Articles | Volume 6, issue 6
Geosci. Model Dev., 6, 2087–2098, 2013
Geosci. Model Dev., 6, 2087–2098, 2013

Development and technical paper 16 Dec 2013

Development and technical paper | 16 Dec 2013

Correction of approximation errors with Random Forests applied to modelling of cloud droplet formation

A. Lipponen1, V. Kolehmainen1, S. Romakkaniemi1, and H. Kokkola2 A. Lipponen et al.
  • 1Department of Applied Physics, University of Eastern Finland, P.O. Box 1627, 70211 Kuopio, Finland
  • 2Finnish Meteorological Institute, Kuopio Unit, P.O. Box 1627, 70211 Kuopio, Finland

Abstract. In atmospheric models, due to their computational time or resource limitations, physical processes have to be simulated using reduced (i.e. simplified) models. The use of a reduced model, however, induces errors to the simulation results. These errors are referred to as approximation errors.
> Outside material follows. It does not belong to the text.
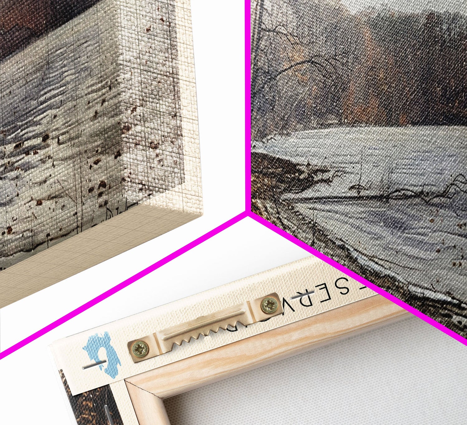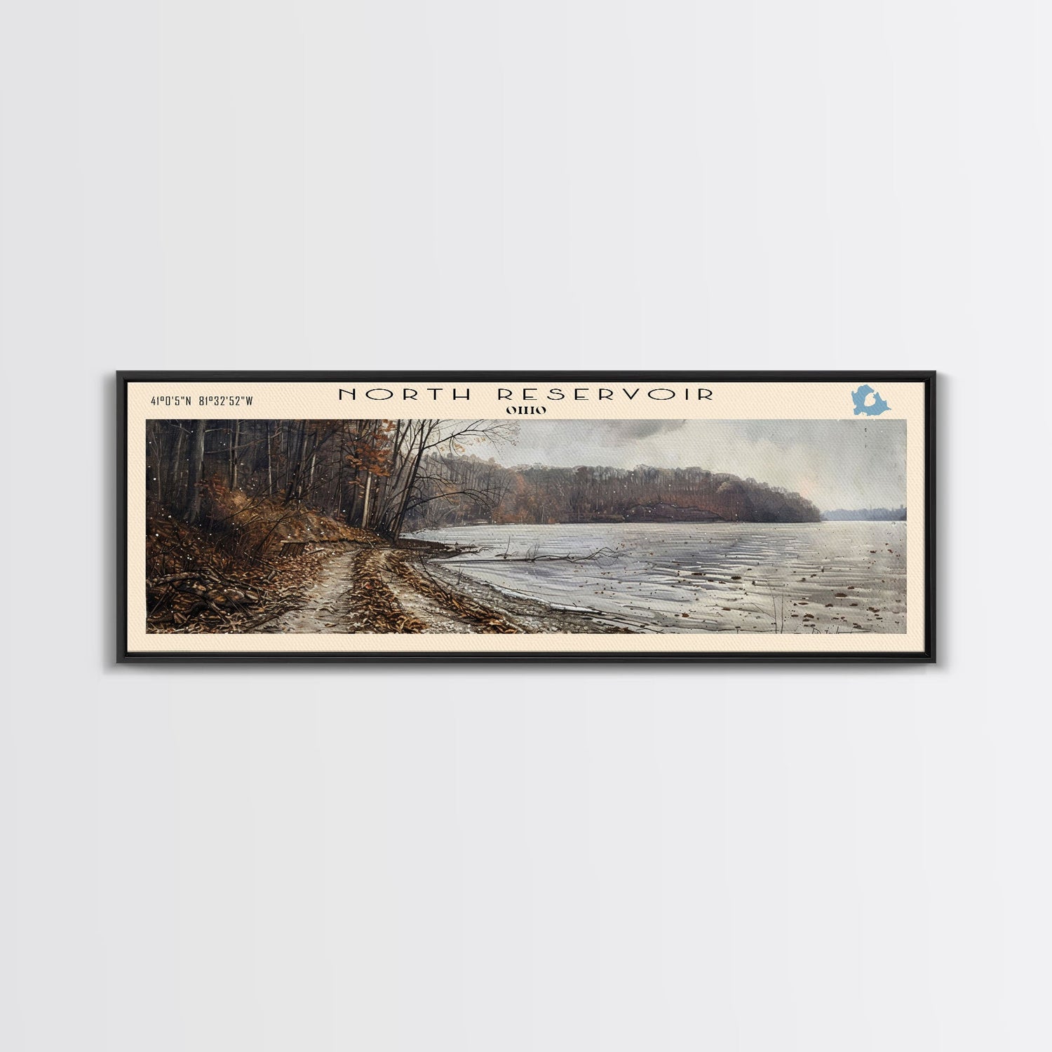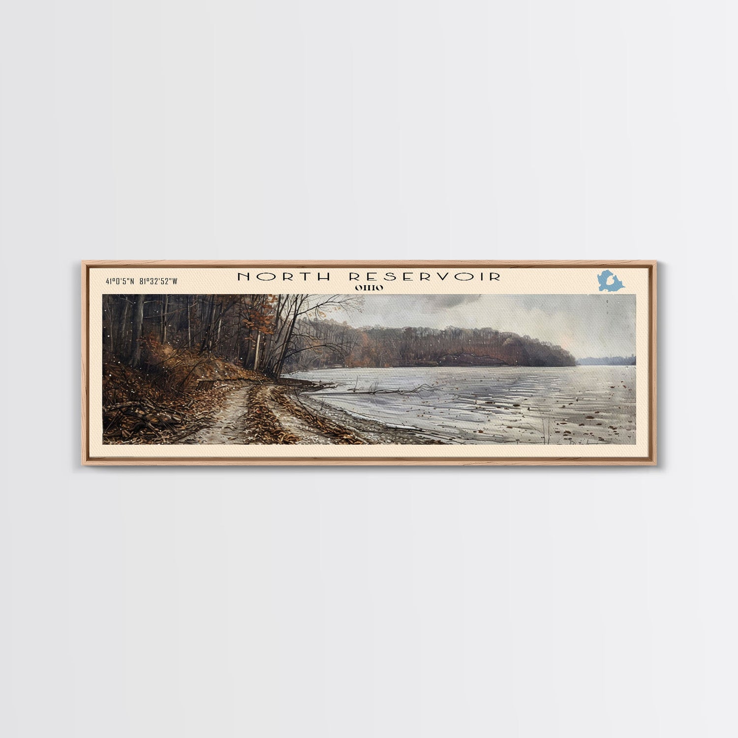 North Reservoir Ohio Framed Canvas Print, Lake House Decor, Panoramic Wall Art, Travel Poster, Landscape Painting, Contemporary Art

In this paper, we propose a novel approach to correct these approximation errors. We model the approximation error as an additive noise process in the simulation model and employ the Random Forest (RF) regression algorithm for constructing a computationally low cost predictor for the approximation error. In this way, the overall simulation problem is decomposed into two separate and computationally efficient simulation problems: solution of the reduced model and prediction of the approximation error realisation. The approach is tested for handling approximation errors due to a reduced coarse sectional representation of aerosol size distribution in a cloud droplet formation calculation as well as for compensating the uncertainty caused by the aerosol activation parameterization itself. The results show a significant improvement in the accuracy of the simulation compared to the conventional simulation with a reduced model. The proposed approach is rather general and extension of it to different parameterizations or reduced process models that are coupled to geoscientific models is a straightforward task. Another major benefit of this method is that it can be applied to physical processes that are dependent on a large number of variables making them difficult to be parameterized by traditional methods.